(Collected data)

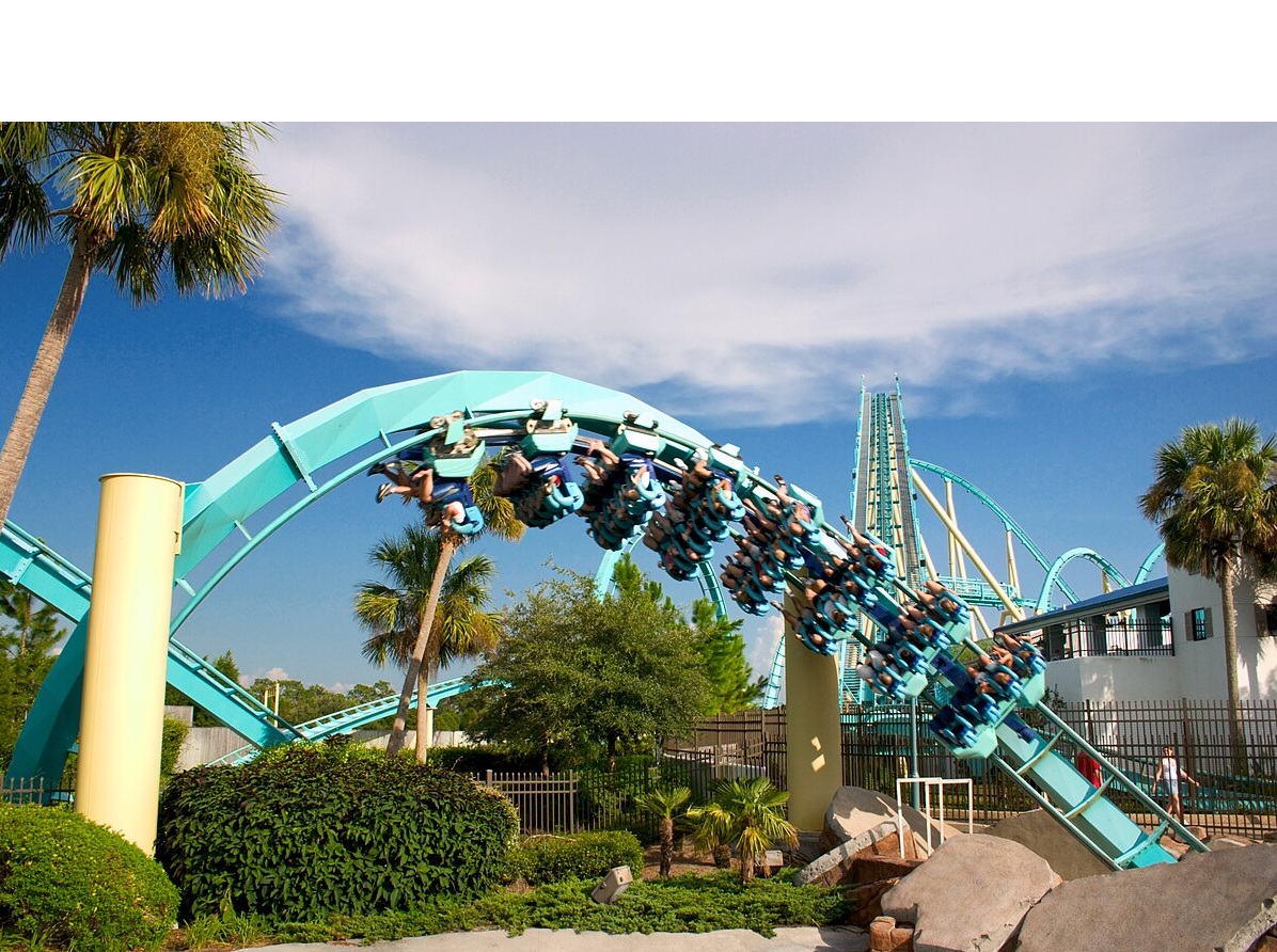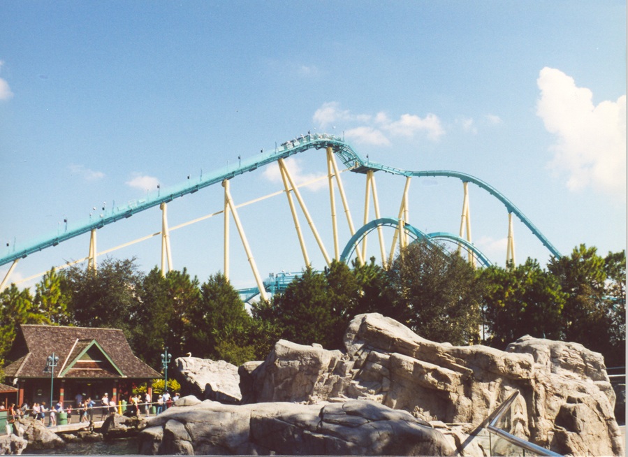 Vamos directamente al SeaWorld Theater, allí seria bueno ya que podemos tener una buena vista del parque y nos podemos orientar mejor. Vamos ahora a Kraken, esta montaña rusa debuto en el verano del 2000, es una de las mas altas, sus siete vueltas, prácticamente forman una G, 149 pies de altura y tan rápida como 65 millas por hora, duración 6 minutos intensos.
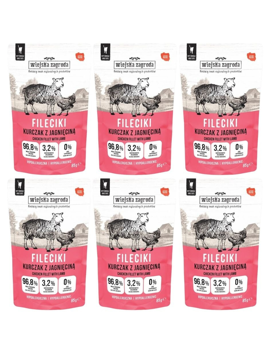 Kāpēc izvēlēties filetiņus ar vistu un jēra gaļu no Wiejskiej Zagrody?Wiejska Zagroda mitrā barība kaķiem filetiņi Vistas ar Jēra gaļu ir ideāla mitrā barība pieaugušiem kaķiem. Augstā gaļas satura un maigo filetiņu struktūras dēļ tā lieliski derēs gan izvēlīgiem kaķiem, gan tiem ar jutīgu gremošanas sistēmu. Pateicoties praktiskajiem 85 g iepakojumiem, kaķa barošana ir ārkārtīgi ērta. Izvēlieties Polijas zīmolu, kas novērtēts par augstāko sastāvdaļu kvalitāti, un nodrošiniet savam mīlulim visu, kas
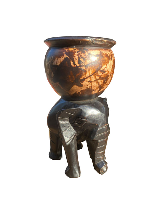 „Träger der Sonne“ – Elefantenfigur mit aufgesetzter Schale, Ossese-Holz (23×12 cm)
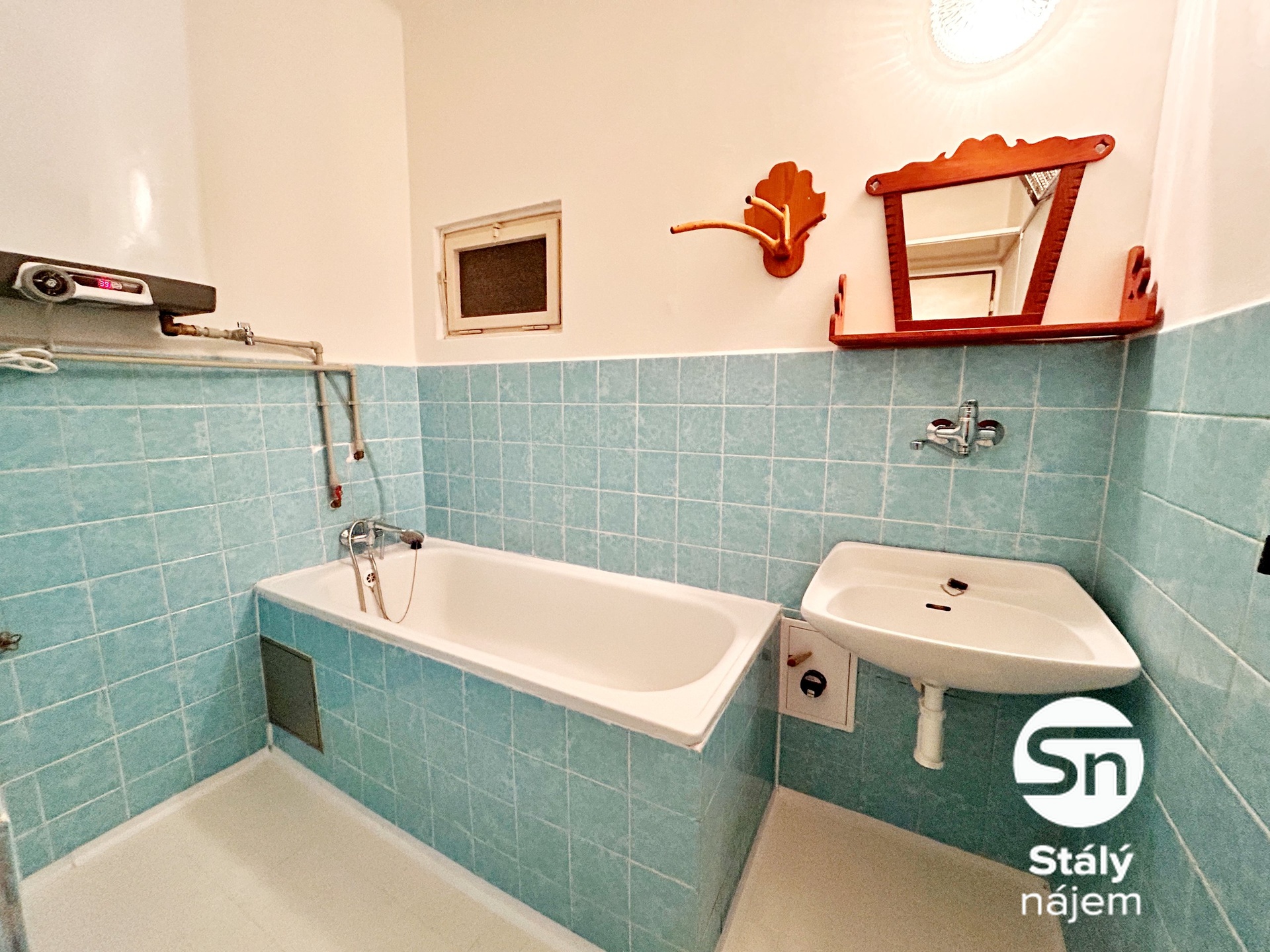 Koupelna nabízí umyvadlo s baterií, zrcadlo s policí, věšák, vanu s baterií a sprchovou hadicí, bojler, ohřívač a police nad dveřmi.
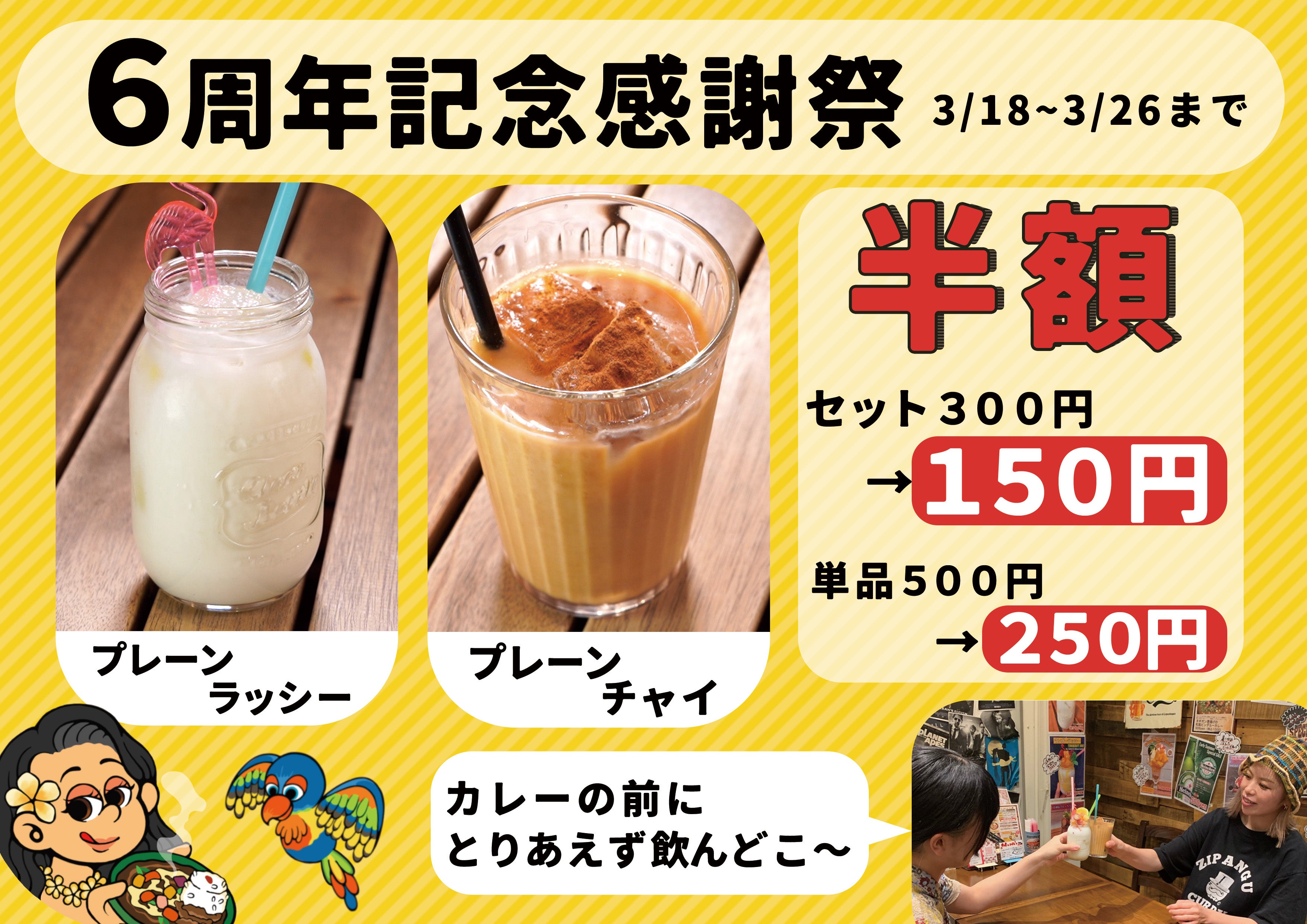 ジパング定番の焼きチーズトッピングや名物ラッシー&チャイが周年特別価格!

▶ [Exercise brief] A faithful copy of all the data above is required, printed exactly and with no pictures.

▶ [Answer to this problem]
 Vamos directamente al SeaWorld Theater, allí seria bueno ya que podemos tener una buena vista del parque y nos podemos orientar mejor. Vamos ahora a Kraken, esta montaña rusa debuto en el verano del 2000, es una de las mas altas, sus siete vueltas, prácticamente forman una G, 149 pies de altura y tan rápida como 65 millas por hora, duración 6 minutos intensos.
 Kāpēc izvēlēties filetiņus ar vistu un jēra gaļu no Wiejskiej Zagrody?Wiejska Zagroda mitrā barība kaķiem filetiņi Vistas ar Jēra gaļu ir ideāla mitrā barība pieaugušiem kaķiem. Augstā gaļas satura un maigo filetiņu struktūras dēļ tā lieliski derēs gan izvēlīgiem kaķiem, gan tiem ar jutīgu gremošanas sistēmu. Pateicoties praktiskajiem 85 g iepakojumiem, kaķa barošana ir ārkārtīgi ērta. Izvēlieties Polijas zīmolu, kas novērtēts par augstāko sastāvdaļu kvalitāti, un nodrošiniet savam mīlulim visu, kas
 „Träger der Sonne“ – Elefantenfigur mit aufgesetzter Schale, Ossese-Holz (23×12 cm)
 Koupelna nabízí umyvadlo s baterií, zrcadlo s policí, věšák, vanu s baterií a sprchovou hadicí, bojler, ohřívač a police nad dveřmi.
 ジパング定番の焼きチーズトッピングや名物ラッシー&チャイが周年特別価格!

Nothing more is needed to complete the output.